In Algorithm 3, for a given s all variants of reach (lines 3 and 7) can be computed using BFS in time \(\mathcal {O}(n_A + m_A)\), as there is no need to do any computation outside A at this point. As any node outside A will have at most one corresponding articulation point s, in lines 4, 5, 6, 8, 9, and 10 each node and edge of the graph appears at most once, and so the total complexity of these is \(\mathcal {O}(n + m)\). Summing up, the complexity of Algorithm 3 is \(\mathcal {O}(n + m + |\text {articulation-points}(A)| * (n_A + m_A))\).

Overall, using that there are at most \(n_A\) articulation points in A, and also at most \(n_A\) affected sources, complexity of the proposed algorithm is proven to be \(\mathcal {O}(n + m + n_A * (n_A + m_A))\), matching that of icentral.

figure c

3.2 Notes

It’s possible to modify slightly the proposed algorithm to work with graphs with arbitrary positive weights, by using Dijkstra algorithm [5] instead of BFS. In graphs with multiples edges, parallel edges can be substituted with the edge with smallest weight, and then obtain a simple graph with the same betweenness.

On the other hand, it’s straightforward to parallelize the most time consuming part of the algorithm, the computation of the betweenness changes inside the affected component. As the \(\delta \) values respect to affected sources are computed independently, this computations could be done by different nodes in a parallel environment. In this environment, good speedups are expected, similar to those in [7].

4 Experiments

We experimentally evaluate the proposed algorithm by measuring time and memory, and comparing it with icentral, ibet and brandes. All algorithms were implemented in pure python, and graphs were stored and manipulated using the python library NetworkXFootnote 1. Algorithms were run on a GNU/Linux 64 bit machine, processor Intel(R) Core(TM) i3-4160 CPU @ 3.60 GHz, with 5 GBytes of main memory.

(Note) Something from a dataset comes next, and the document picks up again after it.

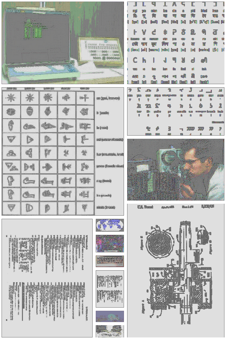 Once an image had its target position and size, I shrank it to that size, applied the appropriate filter chain, drew a black box around it, then shrank it again and placed it on a white background — producing gutters through the white border aorund each frame.

The datasets used for experimentation were taken from online sources, some of them being already referenced in [2] or [7]; p2p-Gnutella08, Wiki-Vote, and CollegeMsg, were taken from SNAP graphs collection. The description of the data is shown in Table 1.

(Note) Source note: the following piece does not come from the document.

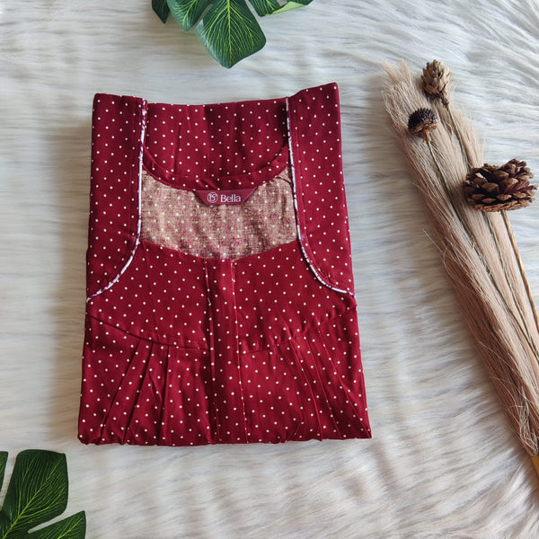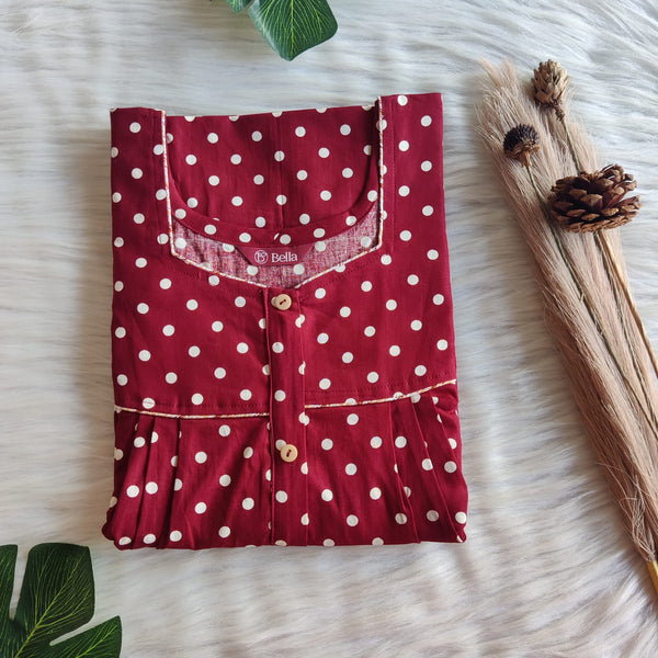 Maroon Dot Gujari Cotton Pleated Zip Nighty | Chest Width 44″ | Length 54″-55″

Table 1. Statistics of graph datasets (lbc refers to largest biconnected component)

For each graph, we randomly selected 100 edges that were not already contained in the graph, and measured the average time and maximum memory used by each algorithm to update the betweenness of all nodes when each edge is inserted. In the case of algorithms that work with directed graphs, when testing on an undirected one, each edge was transformed into two edges, one for each possible direction. Results are shown in Table 2. Note it’s not possible to test icentral on directed graphs.

Table 2. Results, time given in seconds and memory in MBytes.

As expected, both our algorithm and icentral perform very similar, both in time and memory, and are consistently faster than brandes. This speedup is highly dependent on the size of the affected component. Best performance respect to brandes was obtained in dataset Eva, where the number of nodes in the largest biconnected component is relatively small. On average, our algorithm is between 2 and 3 times faster than brandes.

On the other hand, ibet is the fastest of all on most datasets, but it’s memory usage is very high, making it very expensive for graphs of tens of thousands of nodes. Also note, that for datasets like Eva, ibet is outperformed by algorithms icentral and our proposal, stressing the relevance of algorithms using the biconnected components decomposition.

5 Conclusions

In this work an algorithm for computing betweenness in incremental directed graphs has been proposed. Its memory usage is linear allowing it to scale to large graphs. It’s time complexity is similar to that of algorithm proposed in [7], despite of handling the more general case of directed graphs. Experiments have proven it can be a practical replacement of brandes for directed and undirected graphs, mostly when quadratic memory usage is not feasible due to large input.

As future work we plan to conduct experiments with a distributed and parallel implementation of the proposed algorithm. Also, we will extend the proposed algorithm to work with edge deletions. Moreover, it seems possible to apply some of the optimizations proposed in [2] to update betweenness values inside the affected biconnected component.